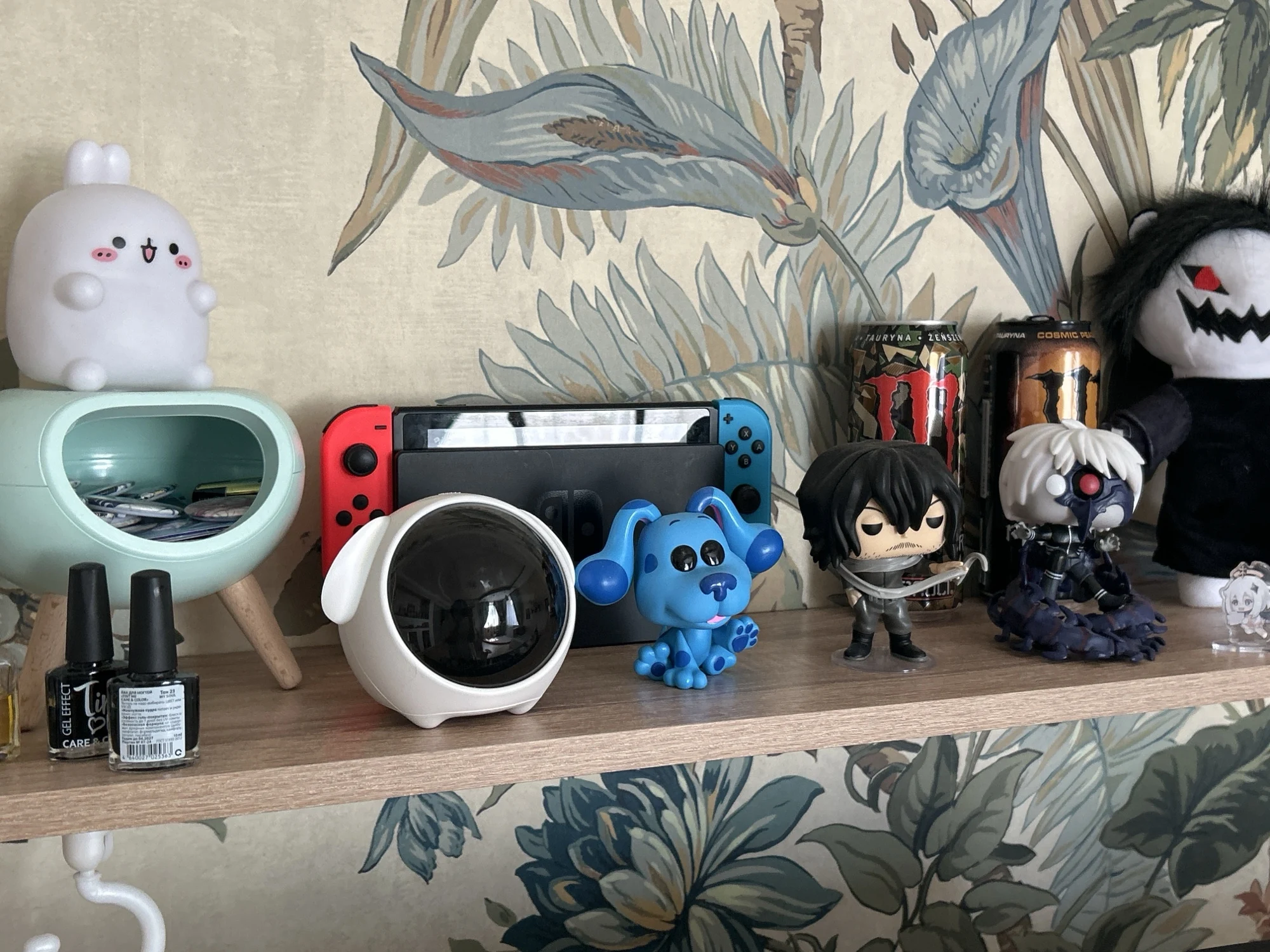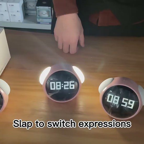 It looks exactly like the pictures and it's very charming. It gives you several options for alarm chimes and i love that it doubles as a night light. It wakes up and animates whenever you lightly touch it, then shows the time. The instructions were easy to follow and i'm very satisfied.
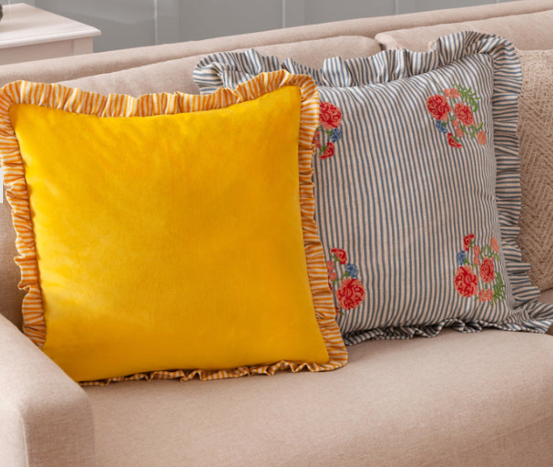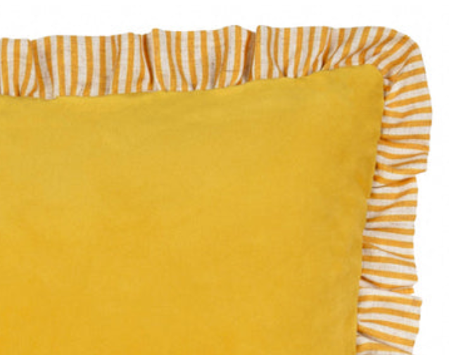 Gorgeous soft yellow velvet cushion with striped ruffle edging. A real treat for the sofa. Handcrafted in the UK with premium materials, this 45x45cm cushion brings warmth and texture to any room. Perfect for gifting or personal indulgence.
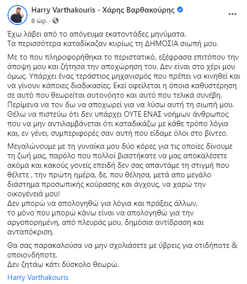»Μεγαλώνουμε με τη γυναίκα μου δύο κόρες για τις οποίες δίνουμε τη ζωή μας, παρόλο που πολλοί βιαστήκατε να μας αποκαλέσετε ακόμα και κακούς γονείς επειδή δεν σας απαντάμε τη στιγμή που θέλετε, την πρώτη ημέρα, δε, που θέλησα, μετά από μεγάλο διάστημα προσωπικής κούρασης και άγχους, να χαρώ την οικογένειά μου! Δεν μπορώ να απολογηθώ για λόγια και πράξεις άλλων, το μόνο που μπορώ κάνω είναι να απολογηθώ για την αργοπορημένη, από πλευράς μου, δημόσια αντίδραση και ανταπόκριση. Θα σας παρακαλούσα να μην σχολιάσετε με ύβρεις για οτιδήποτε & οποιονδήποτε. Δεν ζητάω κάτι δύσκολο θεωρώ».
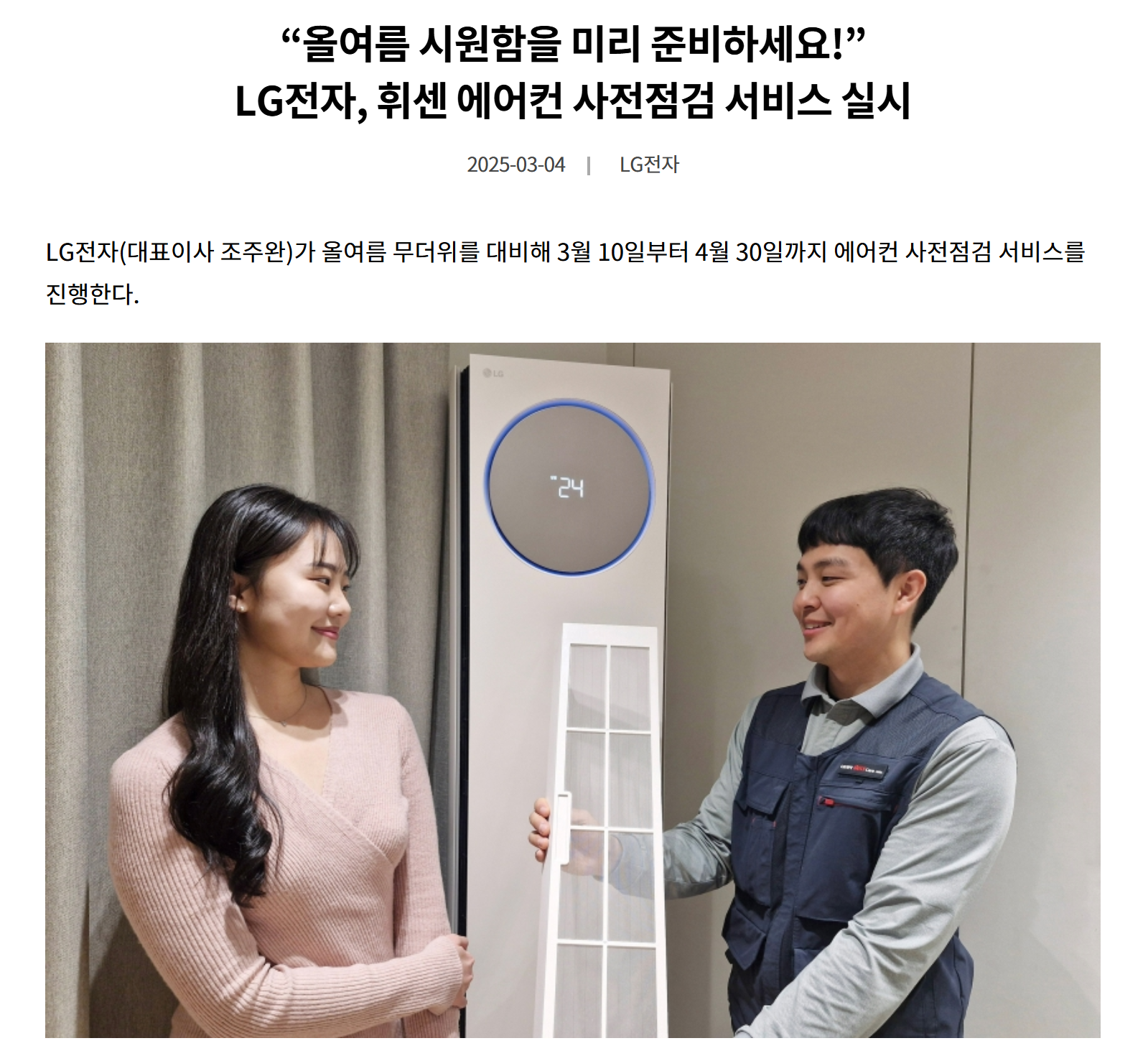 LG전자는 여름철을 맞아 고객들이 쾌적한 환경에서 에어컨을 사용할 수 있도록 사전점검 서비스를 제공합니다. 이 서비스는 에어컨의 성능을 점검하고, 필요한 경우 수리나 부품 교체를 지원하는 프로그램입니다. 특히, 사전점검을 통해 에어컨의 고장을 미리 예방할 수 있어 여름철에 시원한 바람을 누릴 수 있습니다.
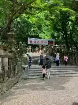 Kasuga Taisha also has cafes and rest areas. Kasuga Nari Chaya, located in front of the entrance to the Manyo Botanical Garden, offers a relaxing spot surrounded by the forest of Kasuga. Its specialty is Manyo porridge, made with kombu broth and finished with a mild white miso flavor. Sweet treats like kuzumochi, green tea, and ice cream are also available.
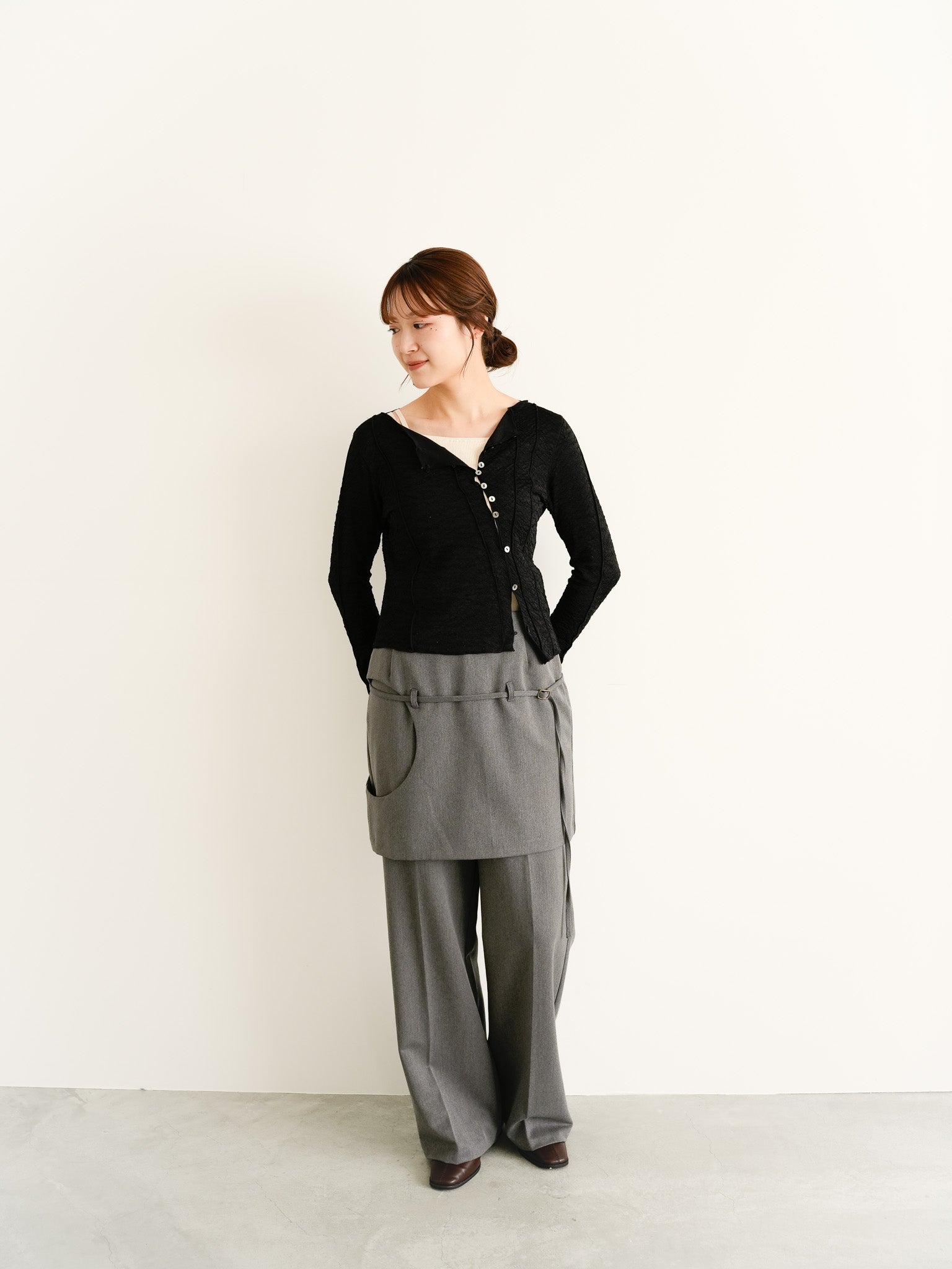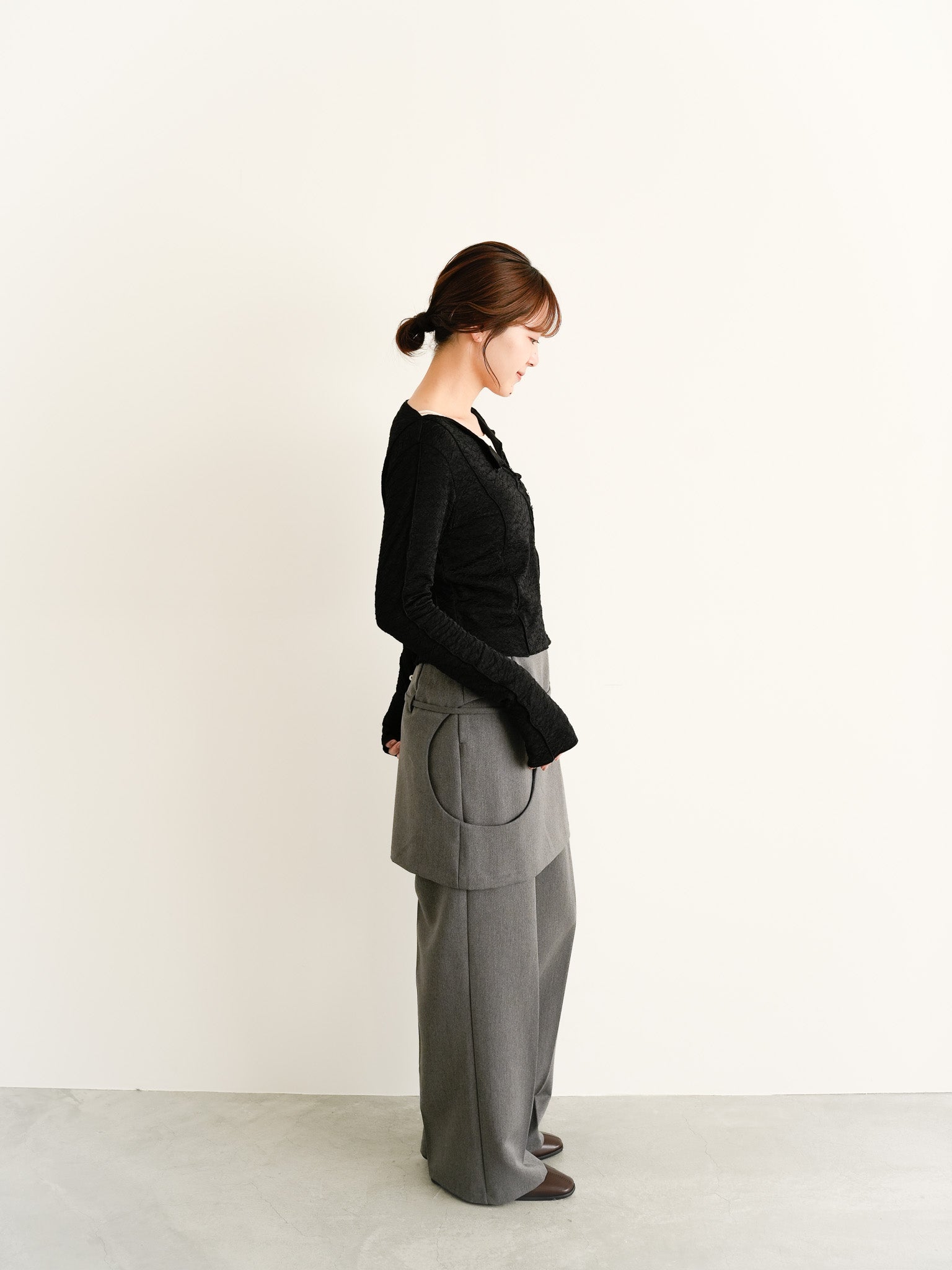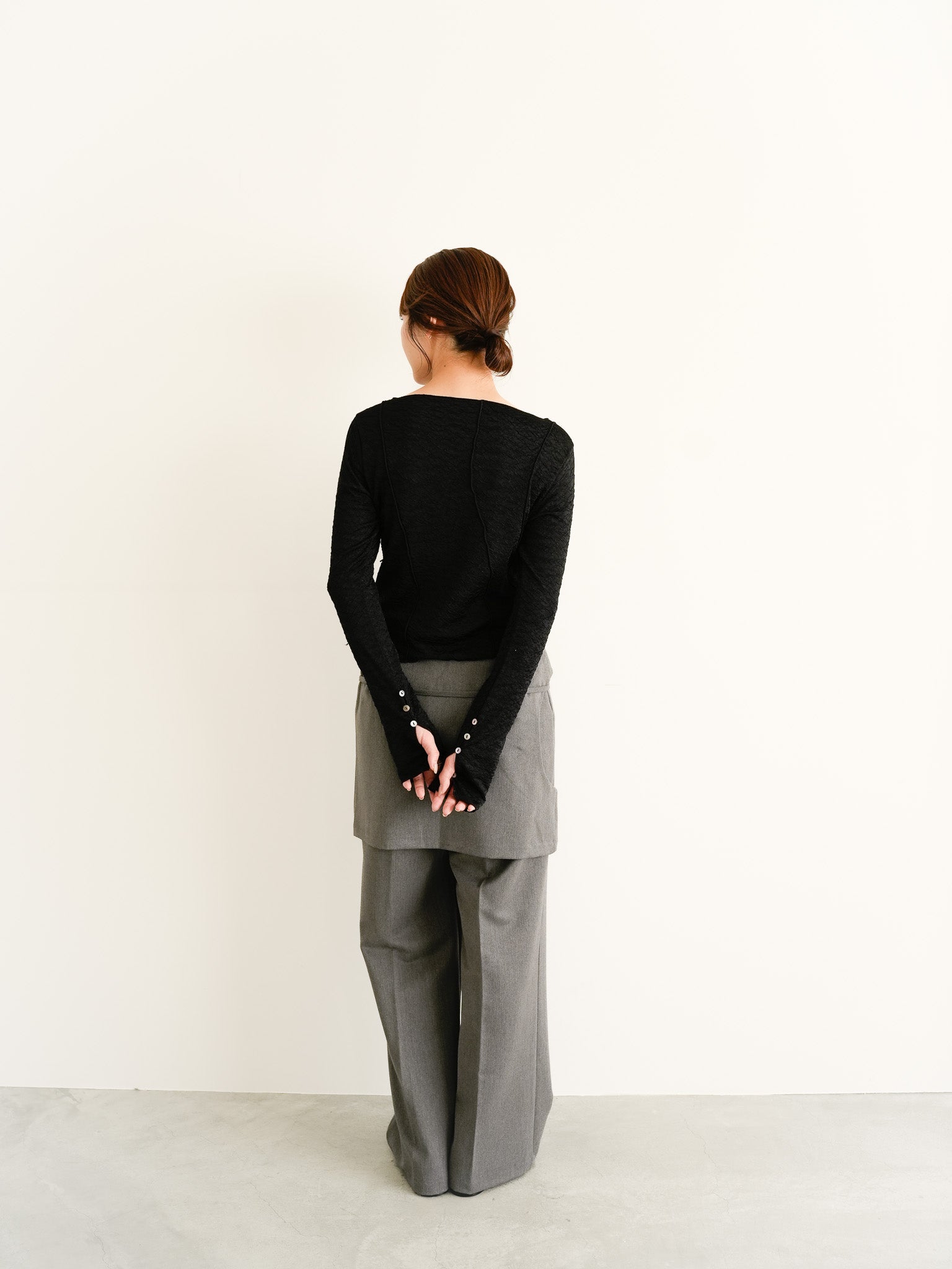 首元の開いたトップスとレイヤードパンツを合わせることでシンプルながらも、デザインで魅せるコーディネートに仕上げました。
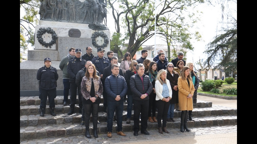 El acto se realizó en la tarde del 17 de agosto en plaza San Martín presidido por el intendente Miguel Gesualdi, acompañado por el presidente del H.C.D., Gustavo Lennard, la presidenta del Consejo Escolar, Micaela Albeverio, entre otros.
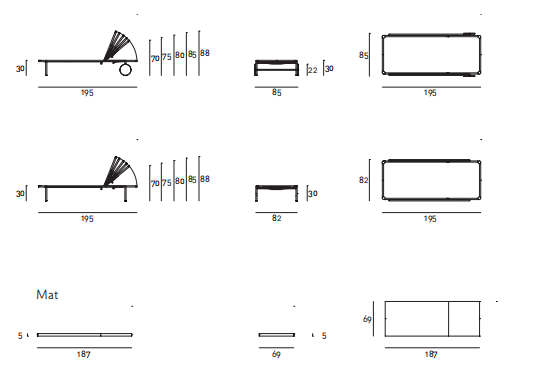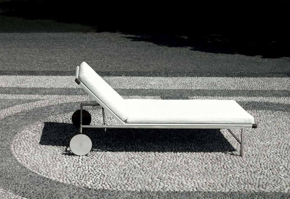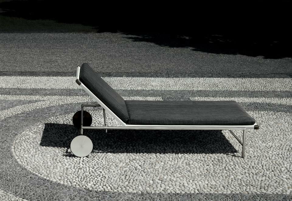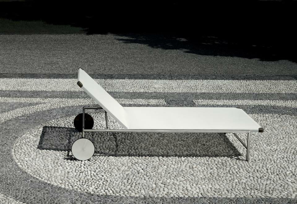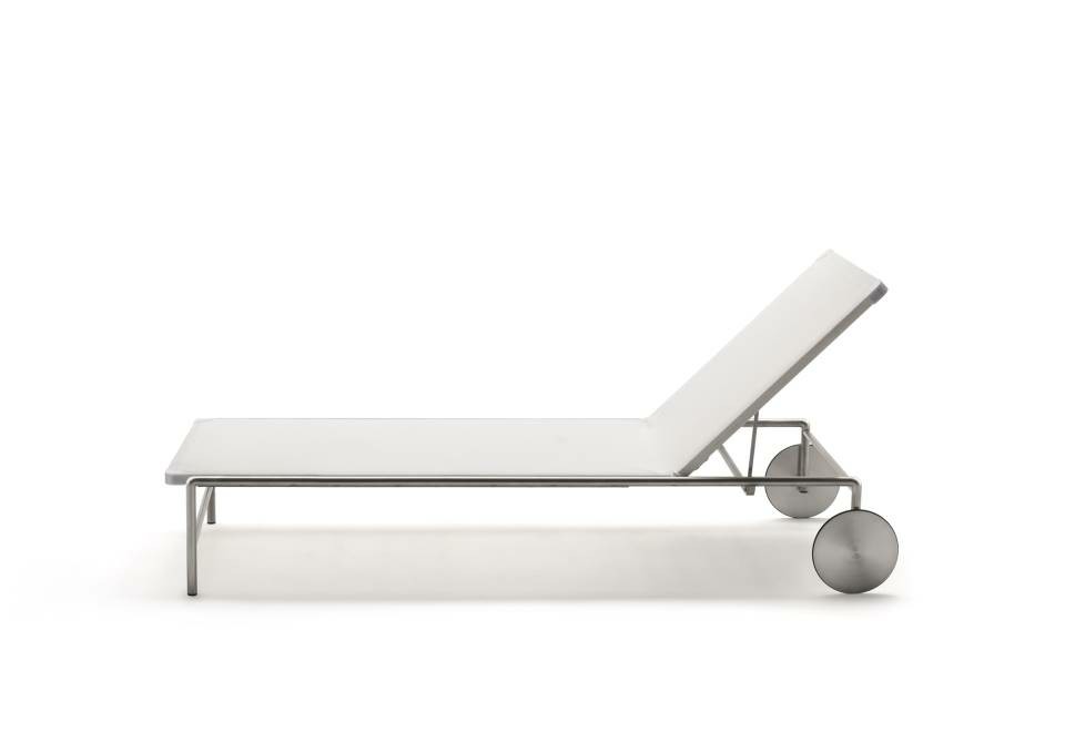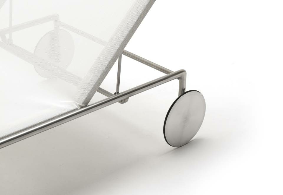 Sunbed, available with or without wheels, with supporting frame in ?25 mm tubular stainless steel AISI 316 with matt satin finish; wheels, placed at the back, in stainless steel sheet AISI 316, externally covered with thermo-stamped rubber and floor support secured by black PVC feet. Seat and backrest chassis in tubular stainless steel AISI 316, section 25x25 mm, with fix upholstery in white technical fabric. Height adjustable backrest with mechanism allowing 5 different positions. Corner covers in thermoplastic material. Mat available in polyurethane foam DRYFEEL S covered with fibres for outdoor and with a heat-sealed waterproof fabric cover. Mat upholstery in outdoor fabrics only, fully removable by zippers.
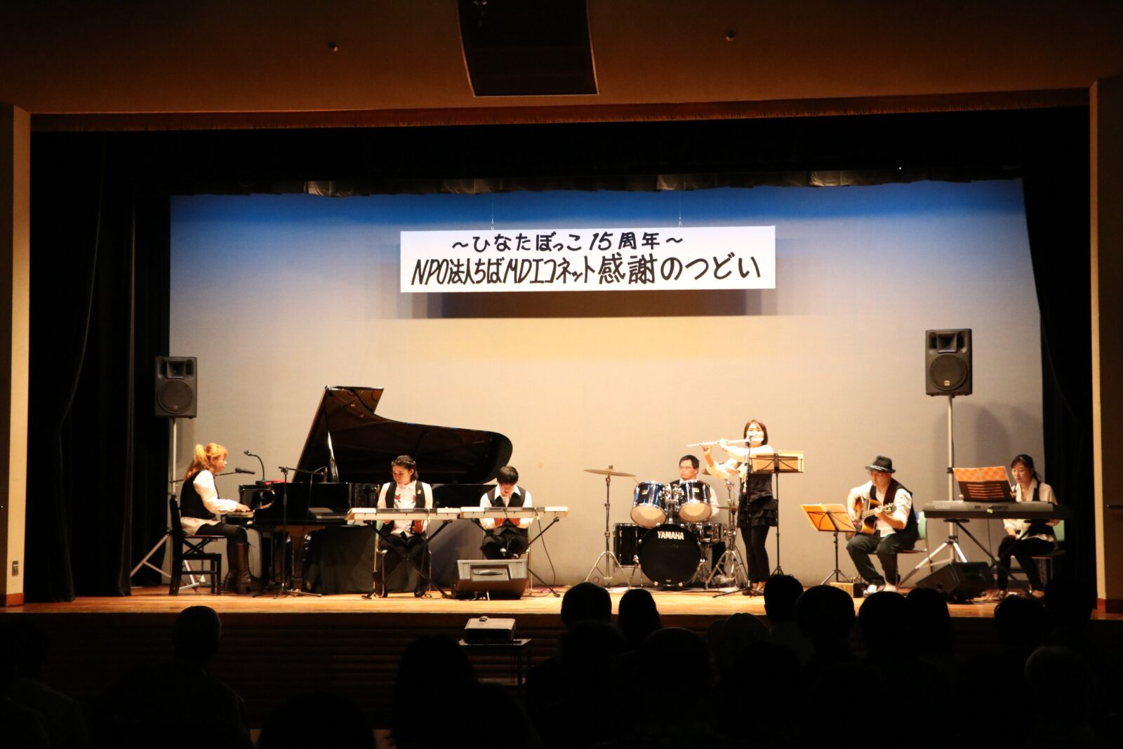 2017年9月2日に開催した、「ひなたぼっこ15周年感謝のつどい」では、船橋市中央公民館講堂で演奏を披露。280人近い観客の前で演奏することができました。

----

* ASSIGNMENT
Set down every entry above again exactly, dropping each picture.

* YOUR RESPONSE
 It looks exactly like the pictures and it's very charming. It gives you several options for alarm chimes and i love that it doubles as a night light. It wakes up and animates whenever you lightly touch it, then shows the time. The instructions were easy to follow and i'm very satisfied.
 Gorgeous soft yellow velvet cushion with striped ruffle edging. A real treat for the sofa. Handcrafted in the UK with premium materials, this 45x45cm cushion brings warmth and texture to any room. Perfect for gifting or personal indulgence.
»Μεγαλώνουμε με τη γυναίκα μου δύο κόρες για τις οποίες δίνουμε τη ζωή μας, παρόλο που πολλοί βιαστήκατε να μας αποκαλέσετε ακόμα και κακούς γονείς επειδή δεν σας απαντάμε τη στιγμή που θέλετε, την πρώτη ημέρα, δε, που θέλησα, μετά από μεγάλο διάστημα προσωπικής κούρασης και άγχους, να χαρώ την οικογένειά μου! Δεν μπορώ να απολογηθώ για λόγια και πράξεις άλλων, το μόνο που μπορώ κάνω είναι να απολογηθώ για την αργοπορημένη, από πλευράς μου, δημόσια αντίδραση και ανταπόκριση. Θα σας παρακαλούσα να μην σχολιάσετε με ύβρεις για οτιδήποτε & οποιονδήποτε. Δεν ζητάω κάτι δύσκολο θεωρώ».
 LG전자는 여름철을 맞아 고객들이 쾌적한 환경에서 에어컨을 사용할 수 있도록 사전점검 서비스를 제공합니다. 이 서비스는 에어컨의 성능을 점검하고, 필요한 경우 수리나 부품 교체를 지원하는 프로그램입니다. 특히, 사전점검을 통해 에어컨의 고장을 미리 예방할 수 있어 여름철에 시원한 바람을 누릴 수 있습니다.
 Kasuga Taisha also has cafes and rest areas. Kasuga Nari Chaya, located in front of the entrance to the Manyo Botanical Garden, offers a relaxing spot surrounded by the forest of Kasuga. Its specialty is Manyo porridge, made with kombu broth and finished with a mild white miso flavor. Sweet treats like kuzumochi, green tea, and ice cream are also available.
 首元の開いたトップスとレイヤードパンツを合わせることでシンプルながらも、デザインで魅せるコーディネートに仕上げました。
 El acto se realizó en la tarde del 17 de agosto en plaza San Martín presidido por el intendente Miguel Gesualdi, acompañado por el presidente del H.C.D., Gustavo Lennard, la presidenta del Consejo Escolar, Micaela Albeverio, entre otros.
 Sunbed, available with or without wheels, with supporting frame in ?25 mm tubular stainless steel AISI 316 with matt satin finish; wheels, placed at the back, in stainless steel sheet AISI 316, externally covered with thermo-stamped rubber and floor support secured by black PVC feet. Seat and backrest chassis in tubular stainless steel AISI 316, section 25x25 mm, with fix upholstery in white technical fabric. Height adjustable backrest with mechanism allowing 5 different positions. Corner covers in thermoplastic material. Mat available in polyurethane foam DRYFEEL S covered with fibres for outdoor and with a heat-sealed waterproof fabric cover. Mat upholstery in outdoor fabrics only, fully removable by zippers.
 2017年9月2日に開催した、「ひなたぼっこ15周年感謝のつどい」では、船橋市中央公民館講堂で演奏を披露。280人近い観客の前で演奏することができました。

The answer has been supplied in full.